**DIRECTIONS**:
Give the data again word for word; drop the pictures.

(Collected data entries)

┏━━

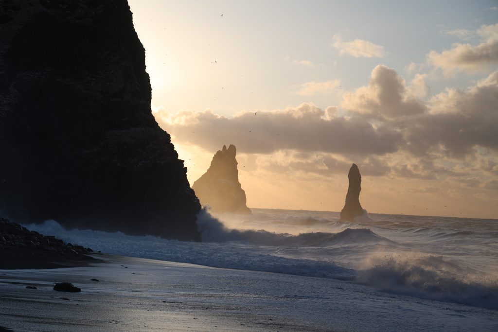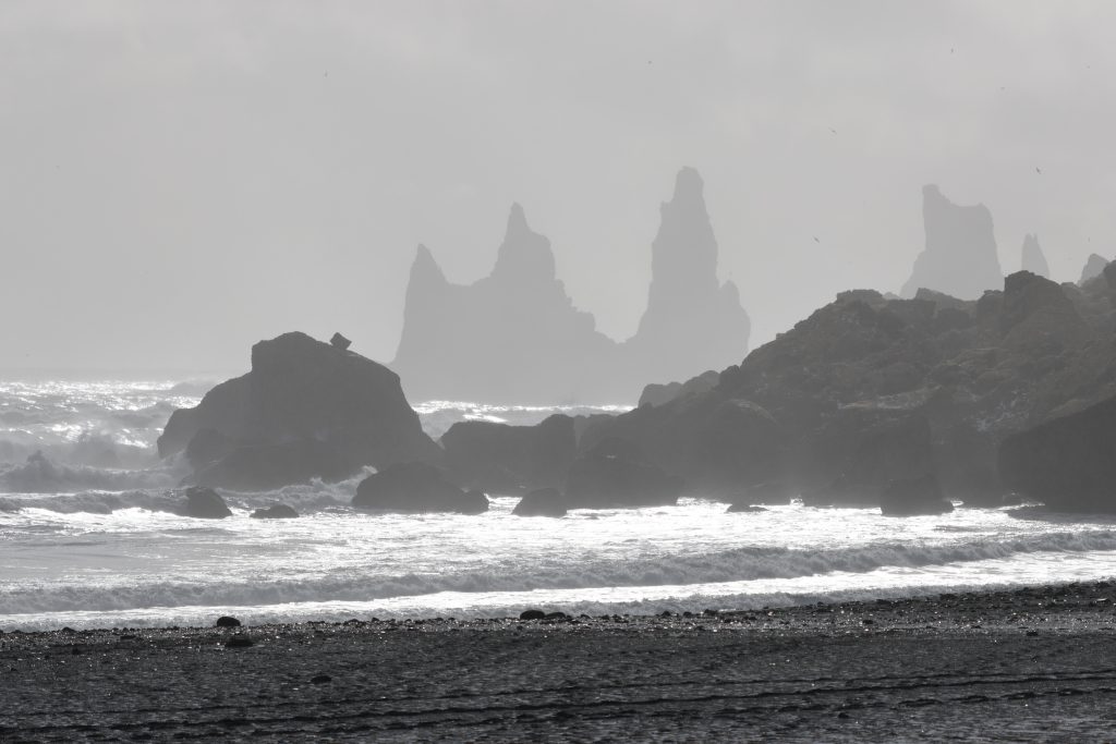 We had planned two days in the Vik-area. The next morning we were ready for Reynisfjara. This is the most dangerous beach in Iceland. Too many people go too close to the water. Usually there are warning signs all over the place but even if they are there people just ignore them. How stupid can you be? People have died there. There are the sneaker waves that are the dangerous ones. You don’t see them coming and I have seen lots if people run and get wet. Last winter has taken away a lot of sand and in January there was a earth slide that took away part of the rocks next to the caves. All over it is no longer possible to climb the basalt rocks or go into the caves. We were there earlier than a lot of other tourist and while we saw a few go down to the beach (they got wet!) but not a lot so for us photographers it was nice because we could take pics without people on them. And we had some really great light even though we were not there for sunrise. So we spent some time there. Btw. I read that two weeks ago at least one of the sneaker waves got into the parking lot… the beach is really changing.
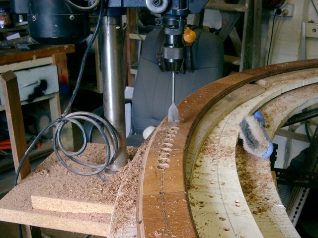 When the magnet hole positions have been marked with a centerpunch, the plywood is lifted up onto packers to prevent damage to the table. The holes are then drilled with a small drill press mounted onto the table supports. First drill all with a small pilot hole, then with the spade bit.
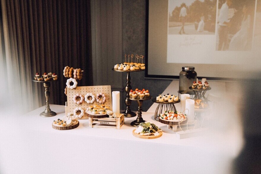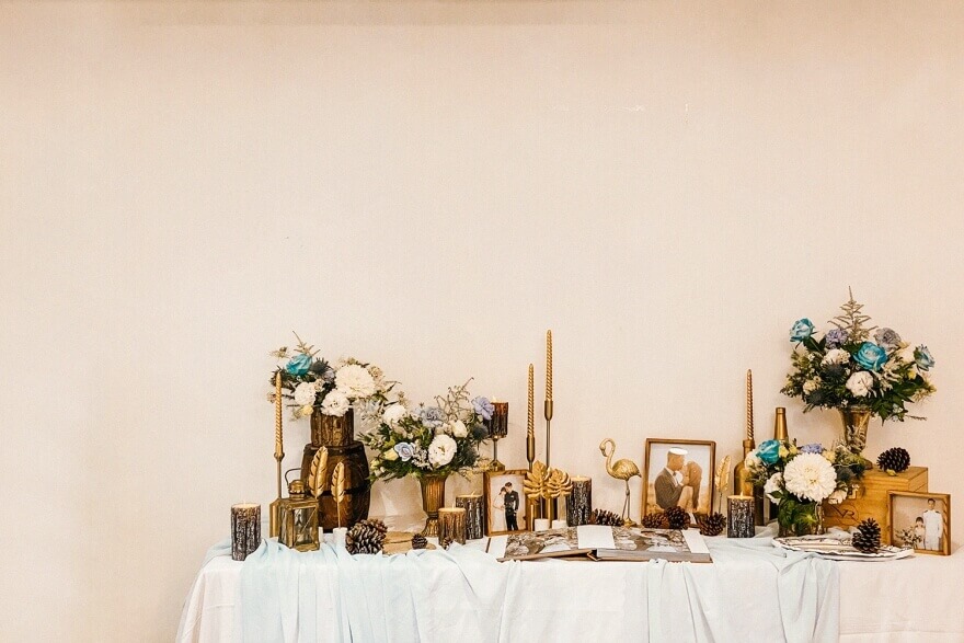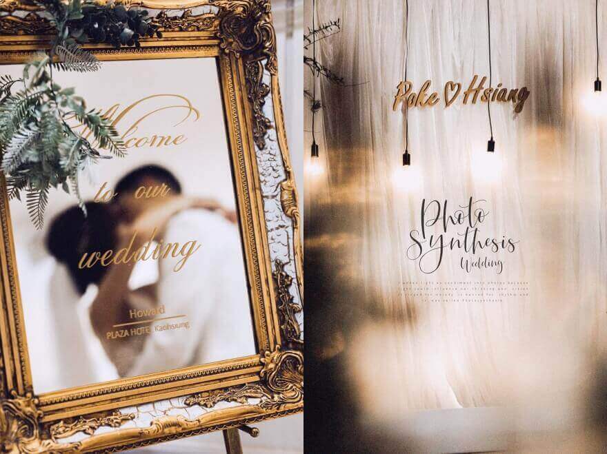 1. 宴會廳:好日子常常擠在一起,同日新人宴客多入口迎賓處及收禮桌一定要標示清楚,除了飯店附贈的電子看板及桌次圖打造特別的迎賓佈置也可以讓賓客從細節處感受到新人的用心
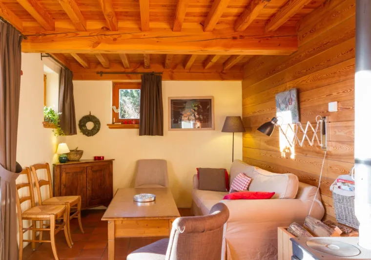 This two-room cottage is fully furnished. Its living room with sofa bed (2 persons) is pleasantly decorated and has a dining area with equipped kitchen. There is also a TV. The room has two beds and is connected to the bathroom with toilet and shower.Its private terrace and garden will offer you all day sun as shade thanks to its Southwest/ West orientation. In addition, the terrace offers a view of the Grand Rochail (3.022 m) and the Prégentil (1.938 m). The barbecue will bring you even more comfort (not in winter).
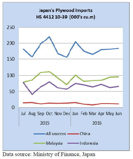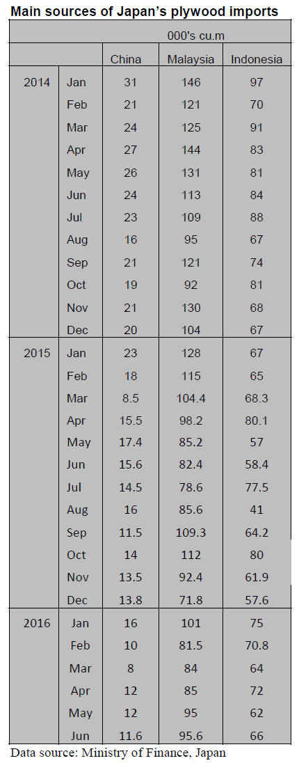 Japan’s first half 2016 plywood imports were down 6%
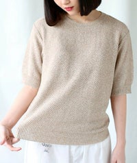 手持ちのTシャツのサイズを頼りに今回Sサイズを購入。 細かな凸凹した編み地が肌触りよく柔らかいのに、だらしなく弛むわけでもなく、すっきりしたシルエットで着られます。 グレーの入った淡いブルーが手持ちの夏物合って良かったです!
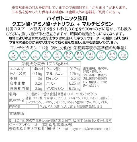 JAY&CO. 粉末 マルチビタミン 入り ハイポトニック スポーツ飲料 (低糖質ローカーボ・低カロリー) (レモン, 500ml×60本分)
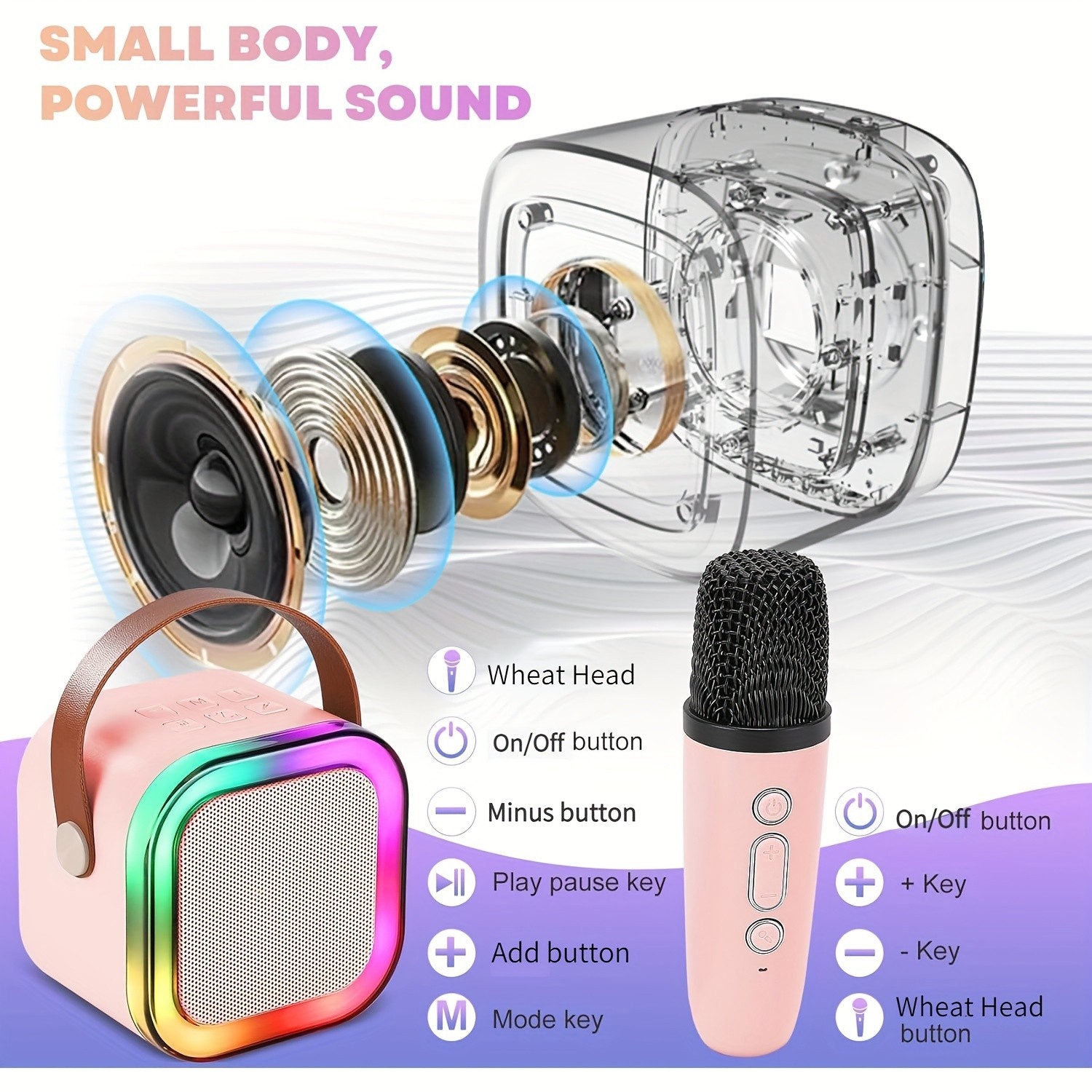 как выглядит Mini Karaoke Machine for Kids  Xmas Gift, Bluetooth Speaker with/ 2 Mics фото
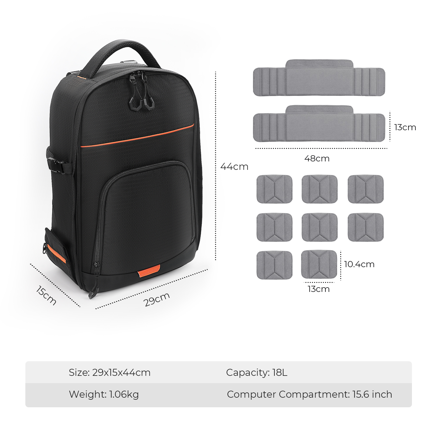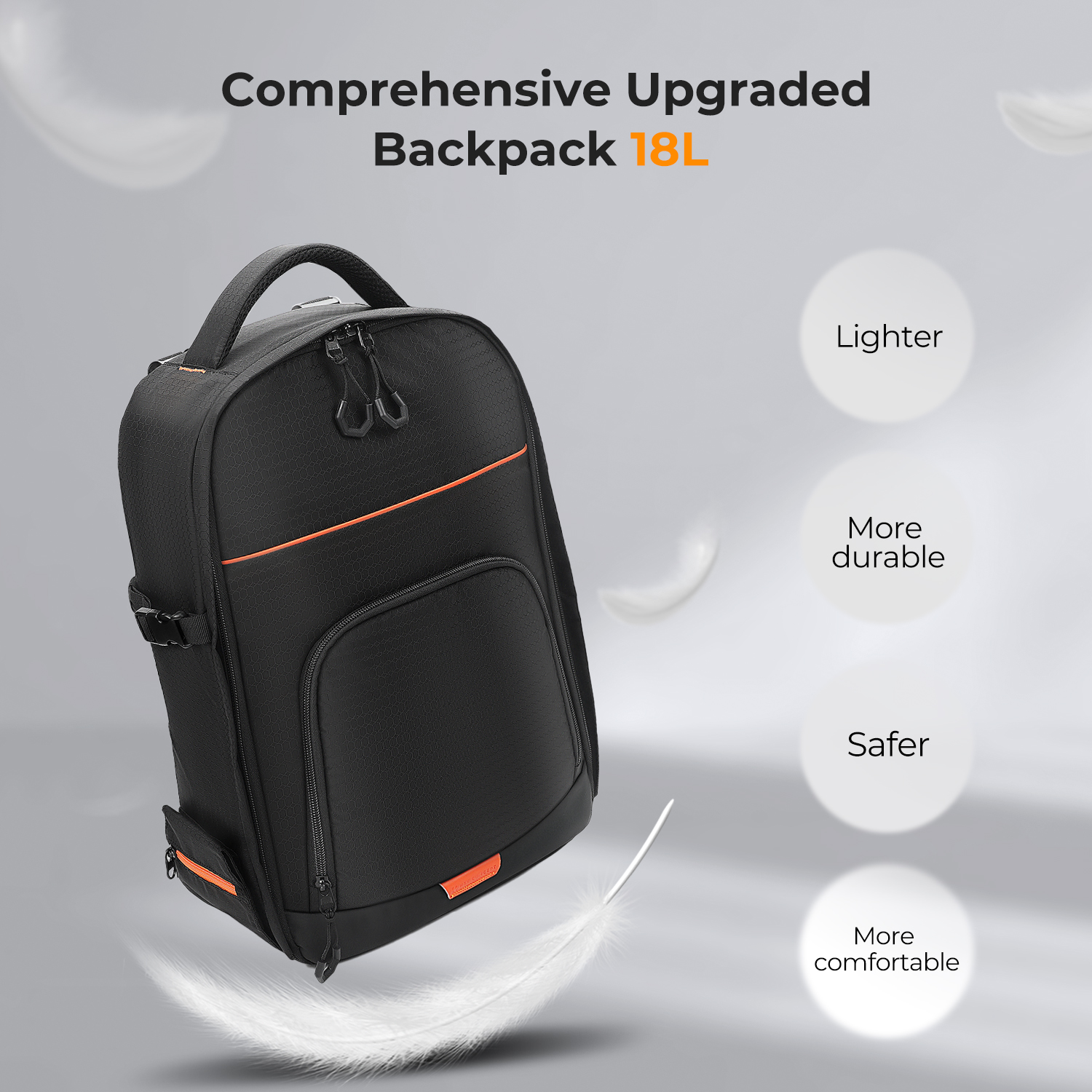 Nahrbtnik 18L. Lahka zasnova, ki upošteva največjo zaščito, varnost in udobje. Sprednje odpiranje, boljša zaščita in zaščita pred krajo, 180° popolno odpiranje, prilagodljiva predelna shranjevalna prostora, razporeditev prostora in organizacija opreme, notranji predmeti so na prvi pogled jasni, maksimalna udobnost organizacije, največ dva aparata in več objektivov, ustreza potrebam različne opreme in se lahko prosto organizira po lastnih željah.
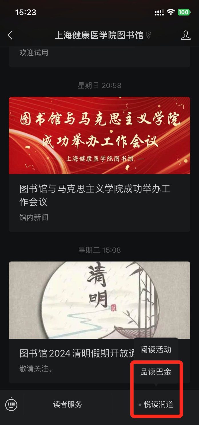 首页切换为“上海健康医学院图书馆”,点击顶部“品读巴金”活动轮播横幅;

┗━━

**ANSWER SPACE**:
 We had planned two days in the Vik-area. The next morning we were ready for Reynisfjara. This is the most dangerous beach in Iceland. Too many people go too close to the water. Usually there are warning signs all over the place but even if they are there people just ignore them. How stupid can you be? People have died there. There are the sneaker waves that are the dangerous ones. You don’t see them coming and I have seen lots if people run and get wet. Last winter has taken away a lot of sand and in January there was a earth slide that took away part of the rocks next to the caves. All over it is no longer possible to climb the basalt rocks or go into the caves. We were there earlier than a lot of other tourist and while we saw a few go down to the beach (they got wet!) but not a lot so for us photographers it was nice because we could take pics without people on them. And we had some really great light even though we were not there for sunrise. So we spent some time there. Btw. I read that two weeks ago at least one of the sneaker waves got into the parking lot… the beach is really changing.
 When the magnet hole positions have been marked with a centerpunch, the plywood is lifted up onto packers to prevent damage to the table. The holes are then drilled with a small drill press mounted onto the table supports. First drill all with a small pilot hole, then with the spade bit.
 1. 宴會廳:好日子常常擠在一起,同日新人宴客多入口迎賓處及收禮桌一定要標示清楚,除了飯店附贈的電子看板及桌次圖打造特別的迎賓佈置也可以讓賓客從細節處感受到新人的用心
 This two-room cottage is fully furnished. Its living room with sofa bed (2 persons) is pleasantly decorated and has a dining area with equipped kitchen. There is also a TV. The room has two beds and is connected to the bathroom with toilet and shower.Its private terrace and garden will offer you all day sun as shade thanks to its Southwest/ West orientation. In addition, the terrace offers a view of the Grand Rochail (3.022 m) and the Prégentil (1.938 m). The barbecue will bring you even more comfort (not in winter).
 Japan’s first half 2016 plywood imports were down 6%
 手持ちのTシャツのサイズを頼りに今回Sサイズを購入。 細かな凸凹した編み地が肌触りよく柔らかいのに、だらしなく弛むわけでもなく、すっきりしたシルエットで着られます。 グレーの入った淡いブルーが手持ちの夏物合って良かったです!
 JAY&CO. 粉末 マルチビタミン 入り ハイポトニック スポーツ飲料 (低糖質ローカーボ・低カロリー) (レモン, 500ml×60本分)
 как выглядит Mini Karaoke Machine for Kids  Xmas Gift, Bluetooth Speaker with/ 2 Mics фото
 Nahrbtnik 18L. Lahka zasnova, ki upošteva največjo zaščito, varnost in udobje. Sprednje odpiranje, boljša zaščita in zaščita pred krajo, 180° popolno odpiranje, prilagodljiva predelna shranjevalna prostora, razporeditev prostora in organizacija opreme, notranji predmeti so na prvi pogled jasni, maksimalna udobnost organizacije, največ dva aparata in več objektivov, ustreza potrebam različne opreme in se lahko prosto organizira po lastnih željah.
 首页切换为“上海健康医学院图书馆”,点击顶部“品读巴金”活动轮播横幅;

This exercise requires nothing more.